The Interpreter Understands Your Meaning: End-to-end Spoken Language
Understanding Aided by Speech Translation
- URL: http://arxiv.org/abs/2305.09652v2
- Date: Tue, 17 Oct 2023 14:59:28 GMT
- Title: The Interpreter Understands Your Meaning: End-to-end Spoken Language
Understanding Aided by Speech Translation
- Authors: Mutian He, Philip N. Garner
- Abstract summary: Speech translation (ST) is a good means of pretraining speech models for end-to-end spoken language understanding.
We show that our models reach higher performance over baselines on monolingual and multilingual intent classification.
We also create new benchmark datasets for speech summarization and low-resource/zero-shot transfer from English to French or Spanish.
- Score: 13.352795145385645
- License: http://arxiv.org/licenses/nonexclusive-distrib/1.0/
- Abstract: End-to-end spoken language understanding (SLU) remains elusive even with
current large pretrained language models on text and speech, especially in
multilingual cases. Machine translation has been established as a powerful
pretraining objective on text as it enables the model to capture high-level
semantics of the input utterance and associations between different languages,
which is desired for speech models that work on lower-level acoustic frames.

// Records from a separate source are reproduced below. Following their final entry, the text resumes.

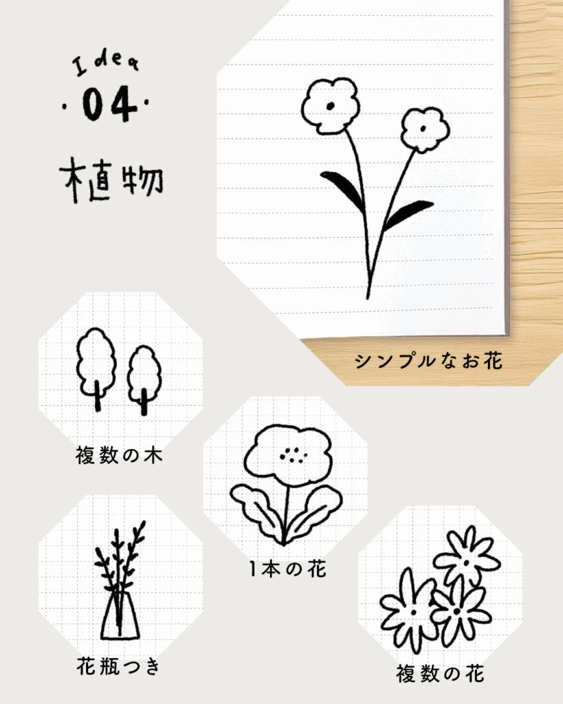 シンプルに茎と花だけ描いてもよし、花瓶や鉢をつければちょっとおしゃれな雰囲気に。
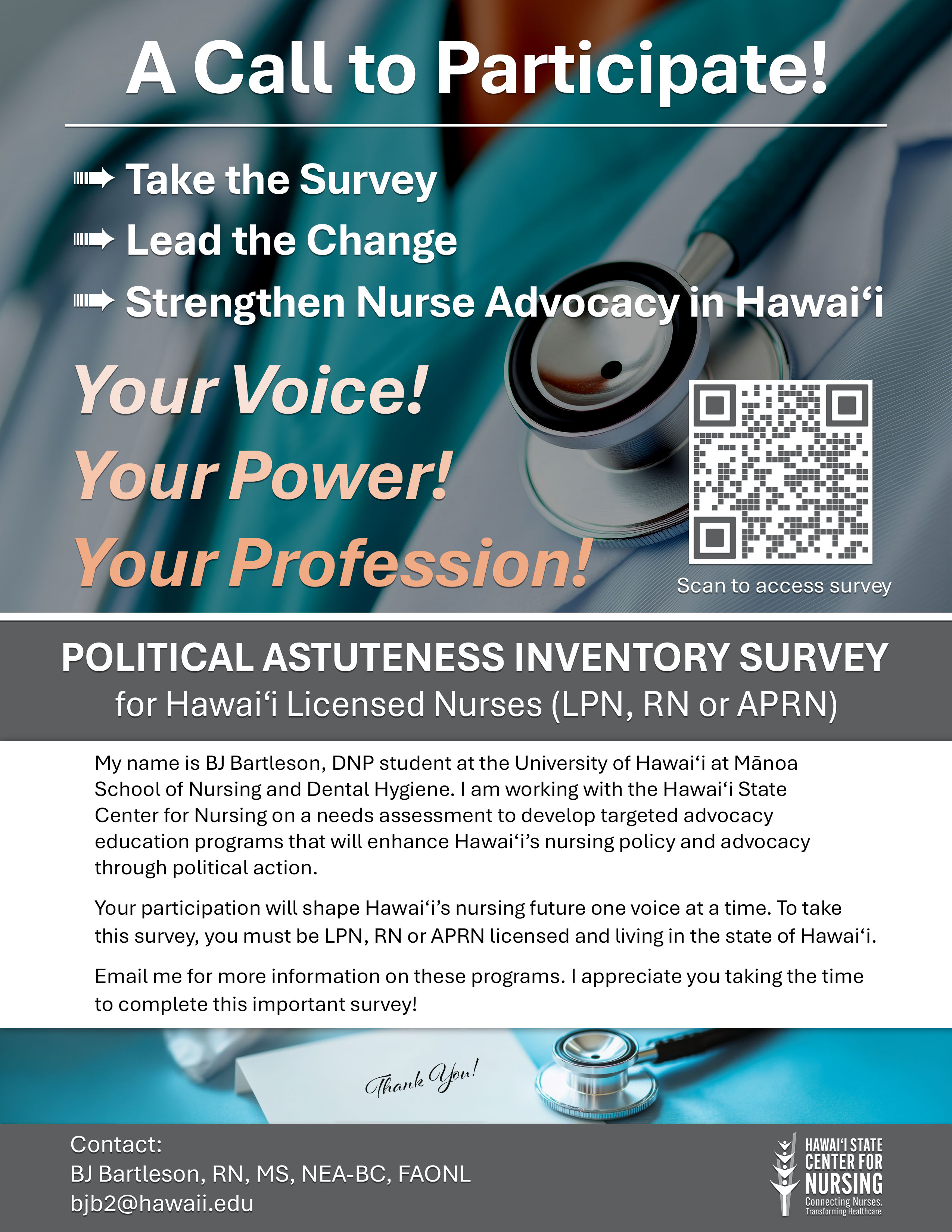 This survey is anonymous, takes only a few minutes, and will directly inform programs to strengthen nursing advocacy, leadership development, and policy influence across our state. The more nurses who participate, the stronger and more credible our findings will be for Hawaiʻi nursing and health policy leaders.
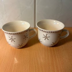 Två äldre kaffekoppar med silverstjärnor
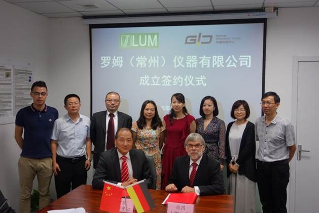 Dr. X. Zhou, Geschäftsführer German Innovation Center (vorn links), Prof. Dr. D. Lerche, Geschäftsführer LUM GmbH (vorn rechts) und weitere Teilnehmer der Gründungszeremonie
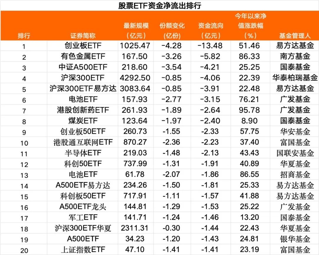 在净流出前20大股票ETF中,宽基方面,2只创业板ETF合计资金净流入超过15亿元;3只沪深300ETF资金净流入接近9.5亿元;4指中证A500ETF资金净流入接近9亿元。行业主题方面,单只有色金属ETF净流出超5.8亿元,2只电池相关ETF合计净流出5亿元,煤炭、半导体、军工等方向ETF净流出也偏多。

Motivated particularly by the task of cross-lingual SLU, we demonstrate that
the task of speech translation (ST) is a good means of pretraining speech
models for end-to-end SLU on both intra- and cross-lingual scenarios.
By introducing ST, our models reach higher performance over baselines on
monolingual and multilingual intent classification as well as spoken question
answering using SLURP, MINDS-14, and NMSQA benchmarks. To verify the
effectiveness of our methods, we also create new benchmark datasets from both
synthetic and real sources, for speech summarization and low-resource/zero-shot
transfer from English to French or Spanish. We further show the value of
preserving knowledge for the ST pretraining task for better downstream
performance, possibly using Bayesian transfer regularizers.